Portal ten bowiem jest kolejnym bezrefleksyjnym propagatorem koncepcji reinkarnacji. By dać choć namiastkę prawdy o tej potworności wystarczy przypomnieć diaboliczne robaki z serialu "Gwiezdne Wrota". Każda osoba bezmyślnie akceptująca tego typu pasożytnictwo sama daje świadectwo o sobie. Sama stawia się w roli takiego plugawego pasożyta, wchodzi w cyniczny kompromis z bestią myśląc tylko i wyłącznie o sobie, o swoim przetrwaniu, kosztem innych istot. 
O skali braku empatii i zdolności do jakiejkolwiek refleksji zaświadcza choćby cytat z miszcza Mareczka dotyczący tej kwestii: "hop, siup w nowe ciałko"...


I tyle w temacie pasożytów  przebierających nerwowo nóżkami żeby móc wskoczyć "hop, siup w nowe ciałko".


W cytowanym artykule zawarte są dwie bardzo ciekawe kwestie, pierwsza w istocie sygnalizuje możliwość zewnętrznej ingerencji w historię (linię czasu i zdarzenia) współczesnej, autodestrukcyjnej ludzkości (coś w stylu "Dnia Świstaka" i "Matrixa"), natomiast drugą cytuję w całości:


"Każde działanie uaktywnia tzw. propozycję transakcji – wyjaśniają niemieccy fizycy Grażyna Fosar i Franz Bludorf. Aby jakieś wydarzenie mogło zaistnieć w rzeczywistości, fala pilotująca – emitowana we wszystkich kierunkach, także w przeszłość i w przyszłość – musi znaleźć partnera, który wejdzie z nim w rezonans.

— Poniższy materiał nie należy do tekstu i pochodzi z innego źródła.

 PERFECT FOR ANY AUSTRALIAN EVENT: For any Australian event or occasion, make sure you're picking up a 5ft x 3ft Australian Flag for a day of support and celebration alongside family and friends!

Co ciekawe, rejestrują ją generatory przypadku zanim jeszcze jakieś zdarzenie fizycznie zamanifestuje się w naszej rzeczywistości. Działo się tak na przykład przed zamachami z 11 września 2001 roku, czy katastrofami lotniczymi: polskiego samolotu w Smoleńsku z 2010 roku oraz malezyjskiego z 2014 roku. Oznacza to, że naszą rzeczywistość kształtuje zarówno przeszłość, jak i przyszłość – ta potencjalna: zasada przyczyny i skutku nie jest więc tak oczywista, jak się uważa, o czym zresztą wspomina Eben Alexander. Gdy propozycja transakcji znajdzie partnera, to pozostałe, potencjalne wersje wydarzenia zostają wygaszone.
Jako ludzkość mamy więc wolną wolę i sami – podejmując konkretne działania – wybieramy naszą przyszłość: pokój lub wojnę. Czas pokaże, co wygeneruje nasza propozycja transakcji... "

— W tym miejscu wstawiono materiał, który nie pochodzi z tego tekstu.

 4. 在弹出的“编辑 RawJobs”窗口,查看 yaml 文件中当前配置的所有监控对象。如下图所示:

Od siebie tylko dodam, że wypadkowa współczesnej ludzkości to ciemność, destrukcja i chaos, jest więc ona fizycznie niezdolna do rezonansu z przyszłością.
Ale jednocześnie przypominam, że wystarczy dwójka ludzi by ten rezonans zaistniał.
Mało tego, twierdzę, że do niego doszło w przeszłości, i ma się całkiem nieźle....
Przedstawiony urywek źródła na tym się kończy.